Wang, Etienne Cho Ee

Our lab recently described a role for JAK-STAT signaling in the maintenance of quiescence during the murine hair cycle. Research into signaling pathways and cytokines/growth factors involved in the mammalian hair cycle has not focused extensively on the JAK-STAT pathway. In this thesis, I investigated the upstream effector(s) and downstream mechanisms of JAK-STAT signaling in the HFSC during telogen, using a variety of methods, including murine conditional mutants of the JAK-STAT pathway, pharmacological and immunological techniques. The mechanism through which OSM exerts this effect is via JAK-STAT5 signaling downstream of the OSM receptor, which is antagonized by pharmacological JAK inhibition. Conditional epidermal ablation of OSMR or STAT5 during early- and mid-telogen (P42 – P60) shortens the telogen phase significantly, and inhibition of macrophages by way of neutralizing antibodies, small molecule inhibitors, and genetic ablation (with Csf1r-CreER::R26-iDTR mice) during telogen also promotes hair growth.
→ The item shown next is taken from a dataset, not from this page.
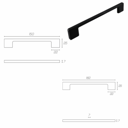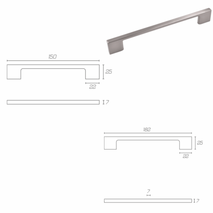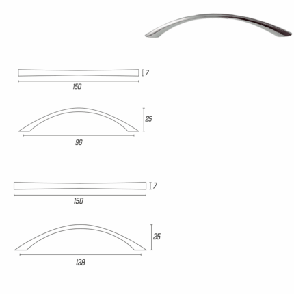 - Tamaño chico: Largo: 150mm | Altura: 25mm | CC: 128mm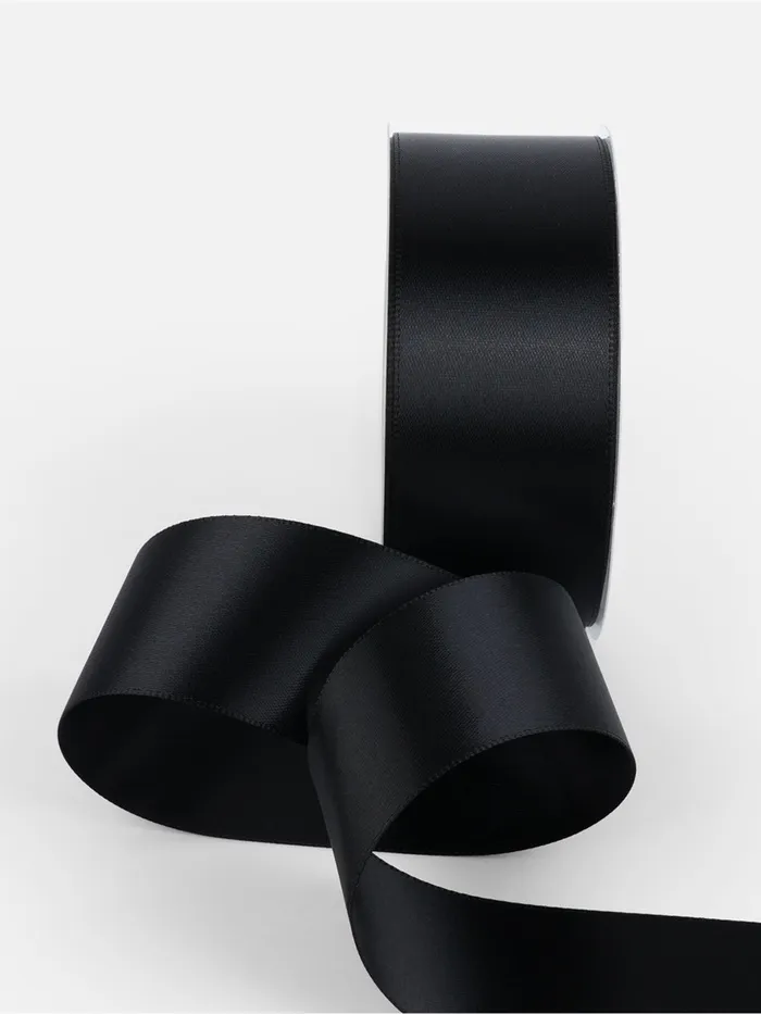 Лента атласная TEIRA, двухсторонняя, 38 мм, 25±1 м, чёрная №0030

Single-cell RNA sequencing of dermal immune cells across murine telogen identified a distinct subset of TREM2+ macrophages that are enriched for OSM, and gene-set analysis suggests these “trichophages” are similar to the microglia of the central nervous system. I show that this distinct subset of TREM2+ macrophages predominate during early- and mid-telogen, where they produce Oncostatin M (OSM), which is sufficient to maintain quiescence of hair follicle stem cells (HFSCs). Proliferation of HFSCs and hair growth is associated with depletion of this subset of TREM2+ macrophages. Interestingly, macrophage markers and OSM were found to be upregulated in the balding scalp of males with androgenetic alopecia, suggesting that this mechanism is physiologically relevant in the control of human hair cycling.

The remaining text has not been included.